I also call these functions the "5-point palm, exploding function technique."  Quite simply the deadliest blow in all of the spreadsheet arts.  Example here:

http://www.powerpivotpro.com/2010/02/sumx-the-5-point-palm-exploding-fxn-technique/

Also, big thumbs up to Mr. Excel for launching this forum


----------



## David Churchward (Jan 18, 2012)

I think of it as a means to calculate a total that is a function of a formula executed at a lower level than your report displays and then aggregated up through the required reporting levels.

A good example is exchange rate conversion - USD / ER = GBP.  You need to execute this at every detail line and then sum the answer to get the sum of GBP as ER could be different for every single line.

It takes some head scratching in some scenarios, but it's an awesome set of functions.


----------



## powerpivotpro (Jan 18, 2012)

Well said David


----------



## AlbertoFerrari (Jan 19, 2012)

MrExcel said:


> DAX offers some functions that sound familiar, but they aren't. For example, SUMX, MINX, MAXX, COUNTX. I understand the difference between COUNT and COUNTA, but what is COUNTX?
> 
> Thanks
> 
> Bill


 
I suspect Bill is not interested in X functions as a generic topic but in the specific usage of COUNTX, which, I agree, is not very intuitive or common. 

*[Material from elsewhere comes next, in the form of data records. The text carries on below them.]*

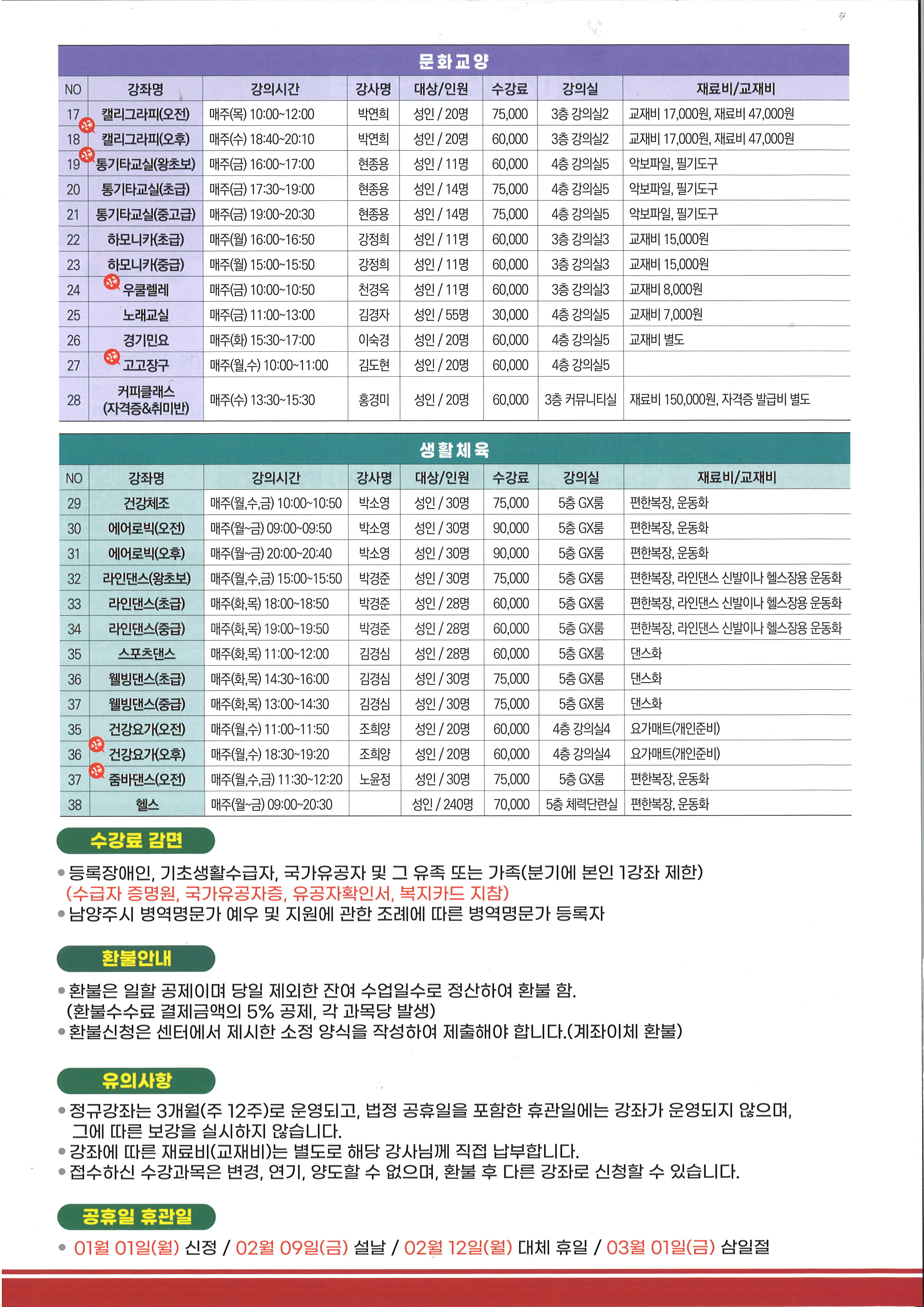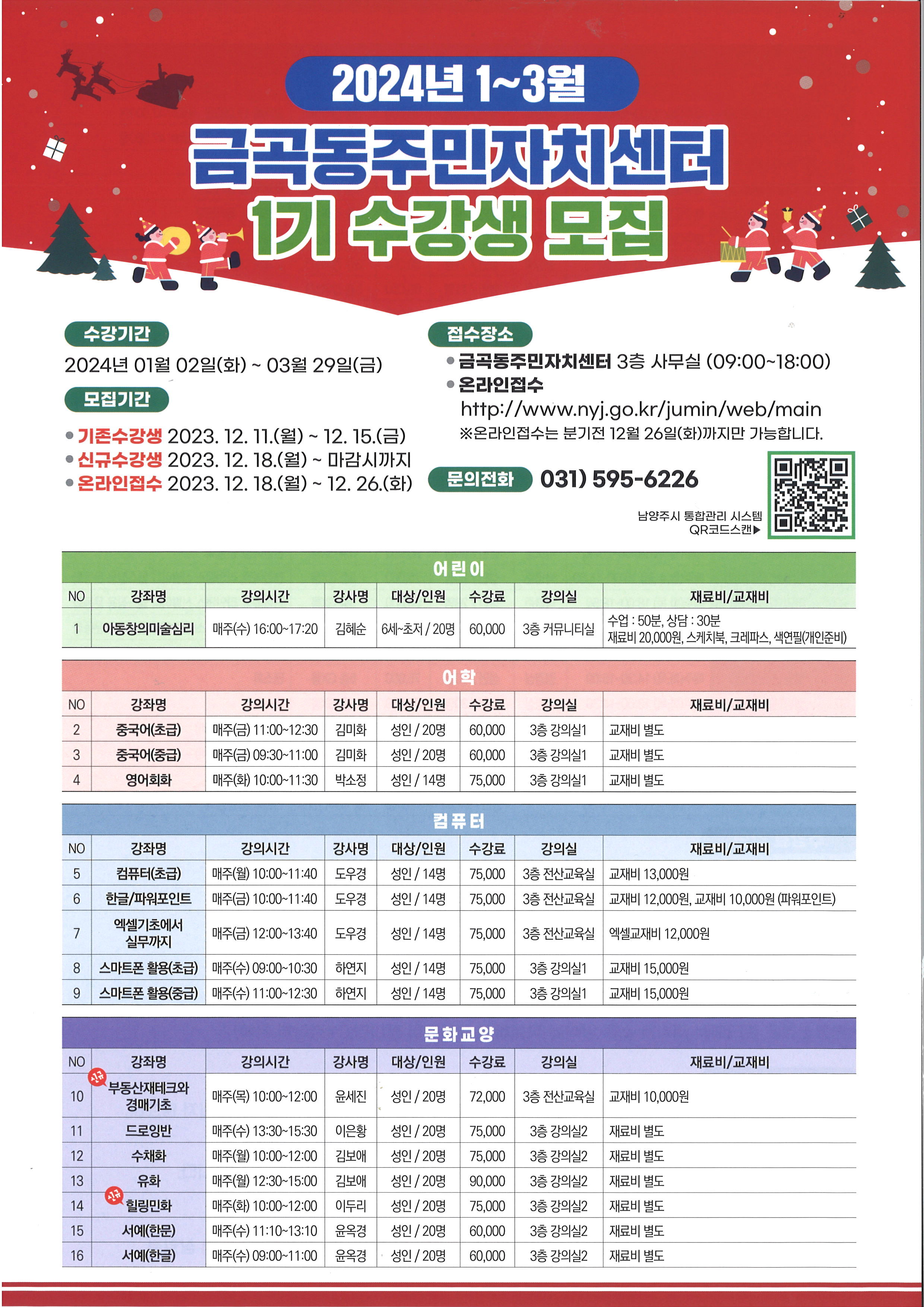 2024년 1분기(1월~3월) 금곡동주민자치센터 수강접수 안내
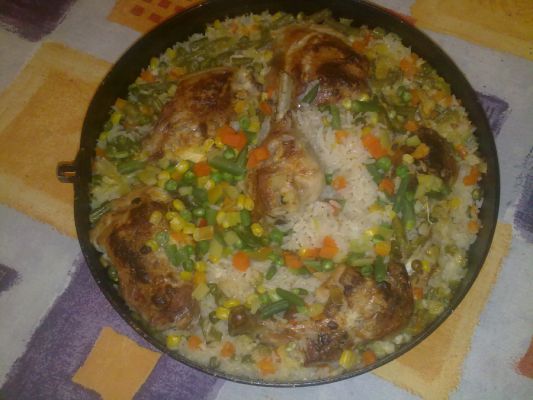 у нас был рис с овощами и курочкой в сметане и икра баклажанная.
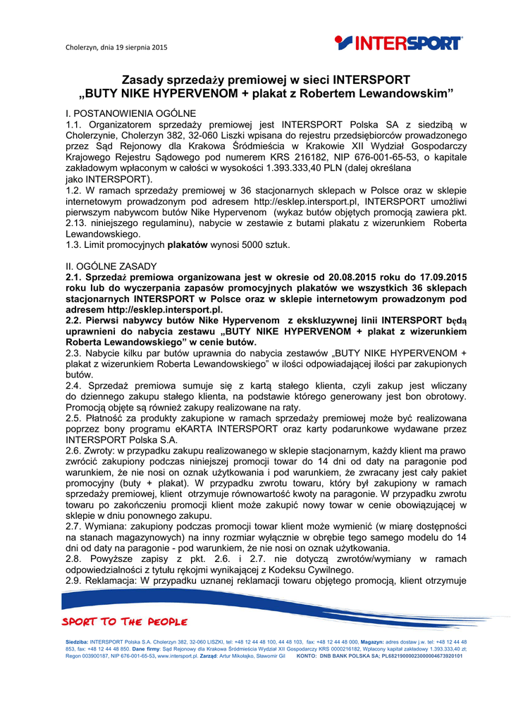Cholerzyn, dnia 19 sierpnia 2015 Zasady sprzedaży premiowej w sieci INTERSPORT „BUTY NIKE HYPERVENOM + plakat z Robertem Lewandowskim” I. POSTANOWIENIA OGÓLNE 1.1. Organizatorem sprzedaży premiowej jest INTERSPORT Polska SA z siedzibą w Cholerzynie, Cholerzyn 382, 32-060 Liszki wpisana do rejestru przedsiębiorców prowadzonego przez Sąd Rejonowy dla Krakowa Śródmieścia w Krakowie XII Wydział Gospodarczy Krajowego Rejestru Sądowego pod numerem KRS 216182, NIP 676-001-65-53, o kapitale zakładowym wpłaconym w całości w wysokości 1.393.333,40 PLN (dalej określana jako INTERSPORT). 1.2. W ramach sprzedaży premiowej w 36 stacjonarnych sklepach w Polsce oraz w sklepie internetowym prowadzonym pod adresem http://esklep.intersport.pl, INTERSPORT umożliwi pierwszym nabywcom butów Nike Hypervenom (wykaz butów objętych promocją zawiera pkt. 2.13. niniejszego regulaminu), nabycie w zestawie z butami plakatu z wizerunkiem Roberta Lewandowskiego. 1.3. Limit promocyjnych plakatów wynosi 5000 sztuk. II. OGÓLNE ZASADY 2.1. Sprzedaż premiowa organizowana jest w okresie od 20.08.2015 roku do 17.09.2015 roku lub do wyczerpania zapasów promocyjnych plakatów we wszystkich 36 sklepach stacjonarnych INTERSPORT w Polsce oraz w sklepie internetowym prowadzonym pod adresem http://esklep.intersport.pl. 2.2. Pierwsi nabywcy butów Nike Hypervenom z ekskluzywnej linii INTERSPORT będą uprawnieni do nabycia zestawu „BUTY NIKE HYPERVENOM + plakat z wizerunkiem Roberta Lewandowskiego” w cenie butów. 2.3. Nabycie kilku par butów uprawnia do nabycia zestawów „BUTY NIKE HYPERVENOM + plakat z wizerunkiem Roberta Lewandowskiego” w ilości odpowiadającej ilości par zakupionych butów. 2.4. Sprzedaż premiowa sumuje się z kartą stałego klienta, czyli zakup jest wliczany do dziennego zakupu stałego klienta, na podstawie którego generowany jest bon obrotowy. Promocją objęte są również zakupy realizowane na raty. 2.5. Płatność za produkty zakupione w ramach sprzedaży premiowej może być realizowana poprzez bony programu eKARTA INTERSPORT oraz karty podarunkowe wydawane przez INTERSPORT Polska S.A. 2.6. Zwroty: w przypadku zakupu realizowanego w sklepie stacjonarnym, każdy klient ma prawo zwrócić zakupiony podczas niniejszej promocji towar do 14 dni od daty na paragonie pod warunkiem, że nie nosi on oznak użytkowania i pod warunkiem, że zwracany jest cały pakiet promocyjny (buty + plakat). W przypadku zwrotu towaru, który był zakupiony w ramach sprzedaży premiowej, klient otrzymuje równowartość kwoty na paragonie. W przypadku zwrotu towaru po zakończeniu promocji klient może zakupić nowy towar w cenie obowiązującej w sklepie w dniu ponownego zakupu. 2.7. Wymiana: zakupiony podczas promocji towar klient może wymienić (w miarę dostępności na stanach magazynowych) na inny rozmiar wyłącznie w obrębie tego samego modelu do 14 dni od daty na paragonie - pod warunkiem, że nie nosi on oznak użytkowania. 2.8. Powyższe zapisy z pkt. 2.6. i 2.7. nie dotyczą zwrotów/wymiany w ramach odpowiedzialności z tytułu rękojmi wynikającej z Kodeksu Cywilnego. 2.9. Reklamacja: W przypadku uznanej reklamacji towaru objętego promocją, klient otrzymuje Siedziba: INTERSPORT Polska S.A. Cholerzyn 382, 32-060 LISZKI, tel: +48 12 44 48 100, 44 48 103, fax: +48 12 44 48 000, Magazyn: adres dostaw j.w. tel: +48 12 44 48 853, fax: +48 12 44 48 850. Dane firmy: Sąd Rejonowy dla Krakowa Śródmieścia Wydział XII Gospodarczy KRS 0000216182, Wpłacony kapitał zakładowy 1.393.333,40 zł; Regon 003900187, NIP 676-001-65-53, www.intersport.pl. Zarząd: Artur Mikołajko, Sławomir Gil KONTO: DNB BANK POLSKA SA; PL68219000023000004673920101 Cholerzyn, dnia 19 sierpnia 2015 równowartość kwoty na paragonie, zaś różnica od ceny regularnej rekompensowana jest bonem wartościowym na kolejne zakupy w sklepach stacjonarnych INTERSPORT Polska S.A. 2.10. W przypadku zakupu realizowanego w sklepie internetowym prowadzonym przez INTERSPORT pod adresem http://esklep.intersport.pl, zgodnie z Ustawą z dnia 30 maja 2014 roku o prawach konsumenta, Uczestnik Promocji będący Konsumentem, może odstąpić od umowy bez podania przyczyny w ciągu 14 dni od daty odebrania przesyłki. Uczestnik promocji nie będący konsumentem może dokonać zwrotu towaru zakupionego w sklepie internetowym prowadzonym przez INTERSPORT, na warunkach określonych w pkt. 2.6 powyżej. 2.11. W sprzedaży premiowej nie mogą brać udziału pracownicy INTERSPORT oraz ich rodziny. 2.12. Promocja nie sumuje się z innymi promocjami. 2.13. Wykaz butów objętych promocją: 747213-888 HYPERVENOM PHANTOM II FG 749901-888 HYPERVENOM PHINISH FG 749893-888 HYPERVENOM PHATAL II FG 747214-888 HYPERVENOM PHATAL II DF FG 749889-888 HYPERVENOM PHADE II FG 749890-888 HYPERVENOM PHADE II IC 749891-888 HYPERVENOM PHADE II TF 749896-888 HYPERVENOM PHELON II FG 749898-888 HYPERVENOM PHELON II IC 749899-888 HYPERVENOM PHELON II TF 744943-888 JR HYPERVENOM PHELON II FG 744942-888 JR HYPERVENOM PHADE II FG-R 749911-888 JR HYPERVENOM PHADE II IC 749912-888 JR HYPERVENOM PHADE II TF 2.15. W przypadku gdy klient dokonuje zakupu w ramach promocji w e-sklepie prowadzonym przez INTERSPORT promocji pod adresem http://esklep.intersport.pl to do tej transakcji mają również zastosowanie zapisy regulaminu e-sklepu dostępne na stronie http://esklep.intersport.pl/pl/regulamin-nowy. 2.16. Niniejszy Regulamin jest dostępny w sklepach stacjonarnych i na witrynie INTERSPORT do dnia 2 października 2015 roku. 2.17 Wszelkie zapytania związane z Promocją powinny być kierowane na adres [email protected] Siedziba: INTERSPORT Polska S.A. Cholerzyn 382, 32-060 LISZKI, tel: +48 12 44 48 100, 44 48 103, fax: +48 12 44 48 000, Magazyn: adres dostaw j.w. tel: +48 12 44 48 853, fax: +48 12 44 48 850. Dane firmy: Sąd Rejonowy dla Krakowa Śródmieścia Wydział XII Gospodarczy KRS 0000216182, Wpłacony kapitał zakładowy 1.393.333,40 zł; Regon 00
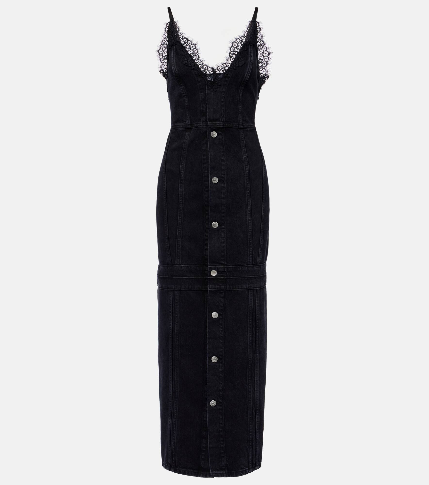 Lace-trimmed Paneled Organic Denim Midi Dress
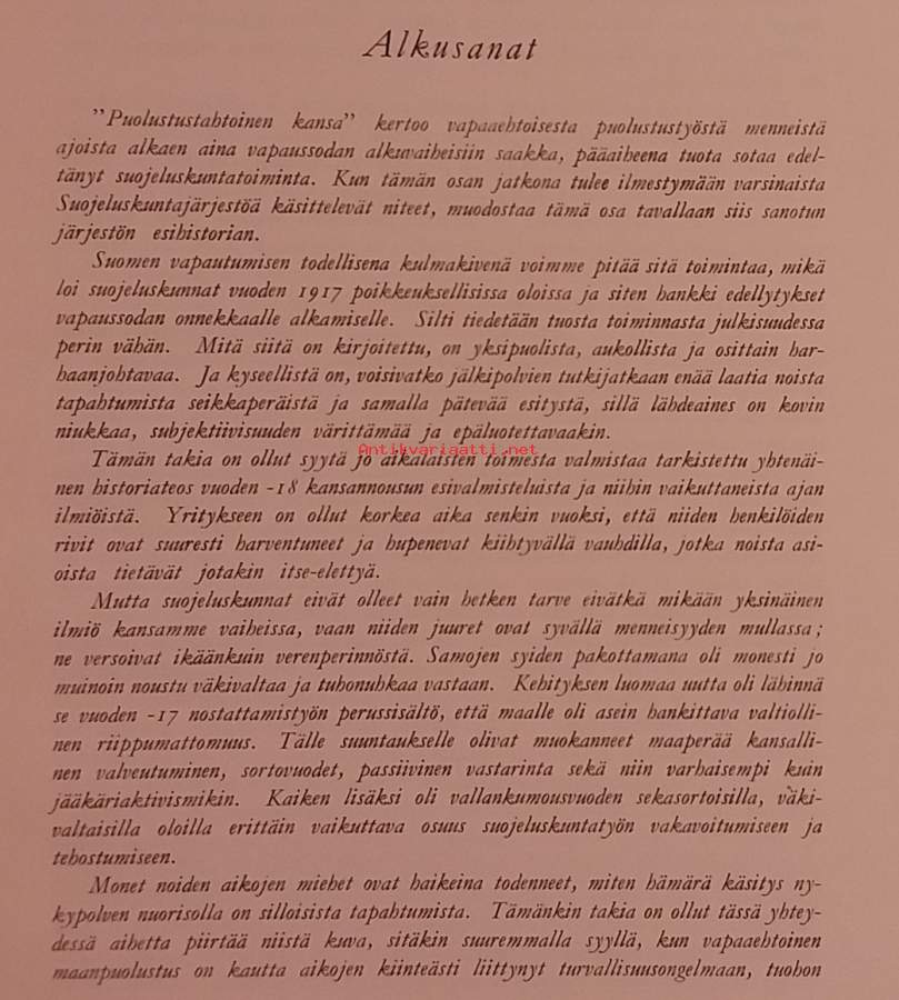 Historiikki on kuvaus suomalaisen vapaaehtoisen maanpuolustuksen synnystä ja kehityksestä. Teoksessa kuvataan, kuinka kansallinen yhtenäisyys, paikallinen aloitteellisuus ja isänmaallinen henki loivat pohjan Suojeluskuntien synnylle. Kuvitettu. Dimensiot 25 ¤ 18 cm.
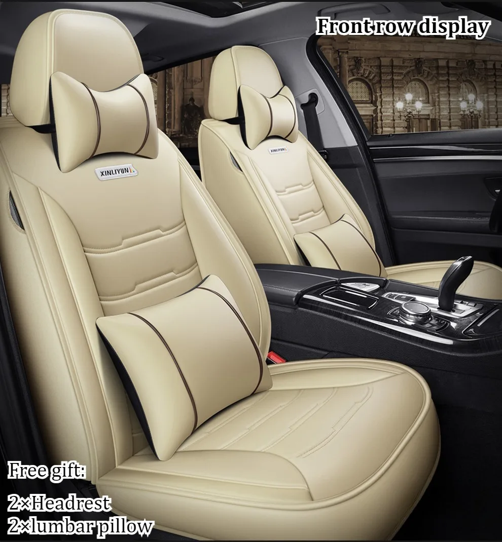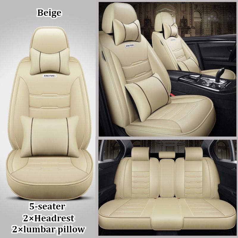 Premium PU leather car seat cover, 5-seater, Soft, comfortable, non-slip, durable, waterproof, All seasons
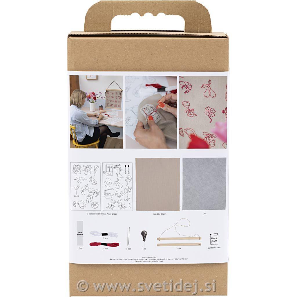 Vsebina: nalepke za vezenje, okvir za plakat, vdevalec sukanca v iglo, šivalna igla, blago, voile, sukanec za vezenje, satenast trak.
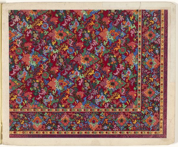 This design for a carpet showcases a pattern dominated by the boteh motif, a droplet-shaped figure, rendered in myriad colors against a field of deep red. The boteh, often associated with Persian and Indian textiles, symbolizes fertility and eternity. Observe how the paisley pattern echoes through time and cultures, re-emerging in Scottish shawls of the 18th century. Originally a symbol of life and regeneration, through its travels, it also became a marker of high fashion and exoticism. The boteh’s persistent reappearance might be explained by our collective subconscious longing for symbols of abundance and continuity, reflecting a desire to link ourselves to the past. The emotional pull of such patterns lies in their ability to spark a sense of heritage, engaging viewers with a narrative that transcends mere aesthetics. Ultimately, the image invites us to consider the cyclical nature of symbols. How motifs evolve, adapt, and resurface, carrying with them echoes of past meanings, ever transforming in the mirror of history.
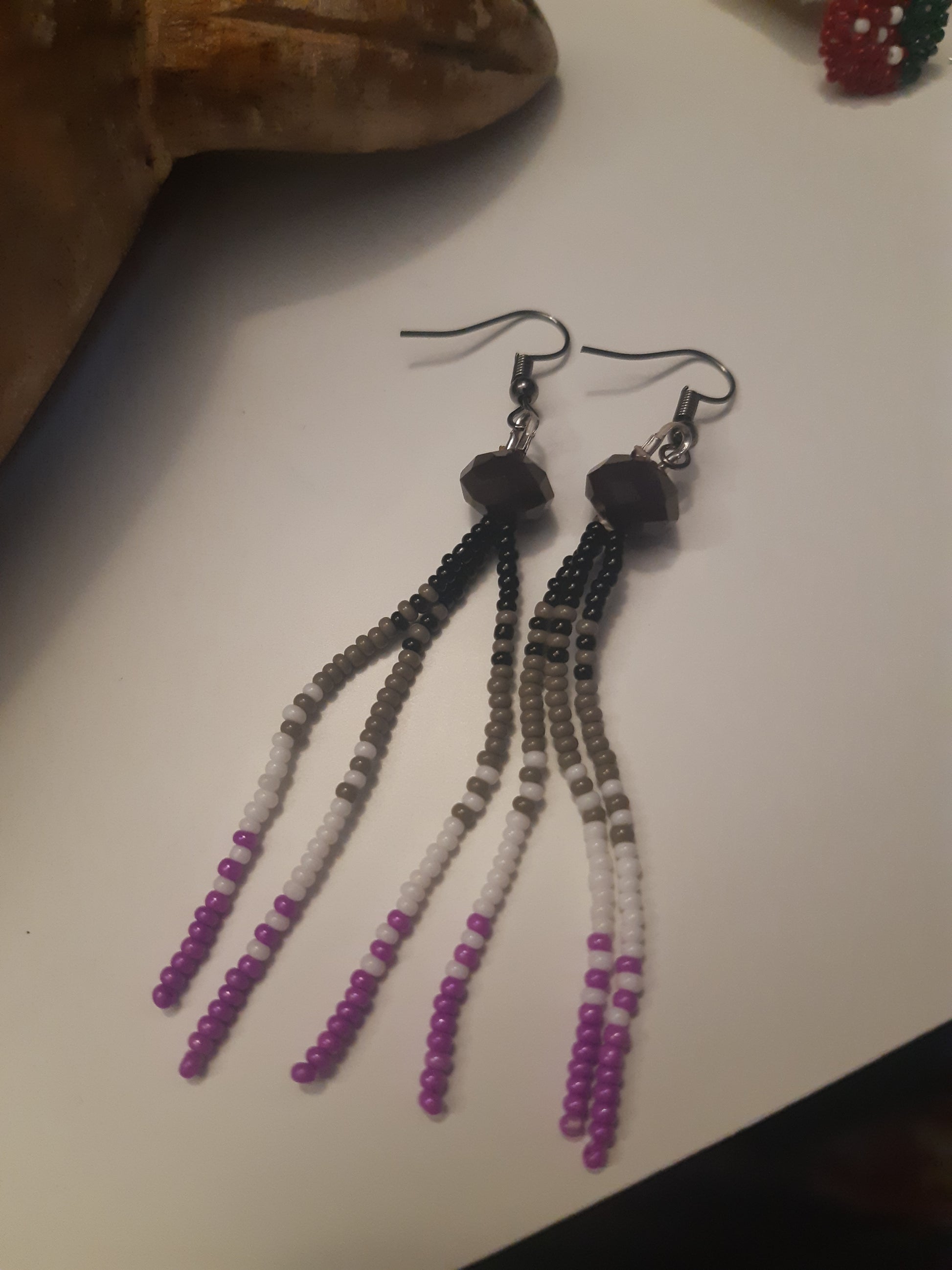 This pair is made with size 10/0 czech and miyuki seed beads, and rondelles.
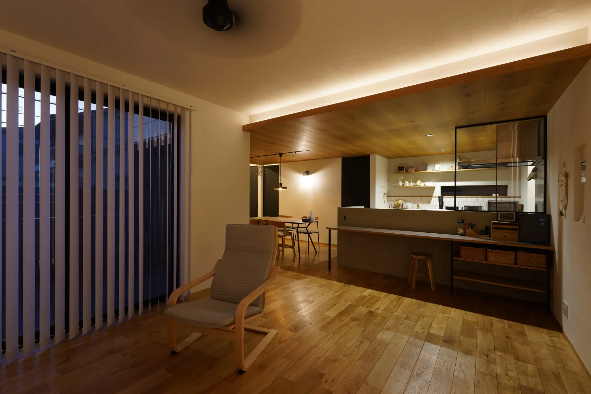 照明が映えるLDK。 昼とはまた違う表情を見せてくれます。

Suppose you have a measure and want to count the number of rows in a table for which that measure is not blank. You can use:
COUNTX (MyTable, [MyMeasure])
While, obviously, you cannot use COUNT here, you definitely need an iterator (you might express the same using COUNTROWS (FILTER(...))).
Using it with measures makes some sense, using it with expressions inside the same table is something I have never done but, in some scenarios, it might save you the need to store calculated columns, which might be expensive on huge tables.
Alberto


----------



## Dan80 (Apr 29, 2016)

The problem I have found with the 'X' functions is that it saps the speed
If the pivot when reporting so I have had to rely on calculated columns instead and then summed up the values. Does anyone else experience this issue? Anyway around it? Thanks. 
Dan


----------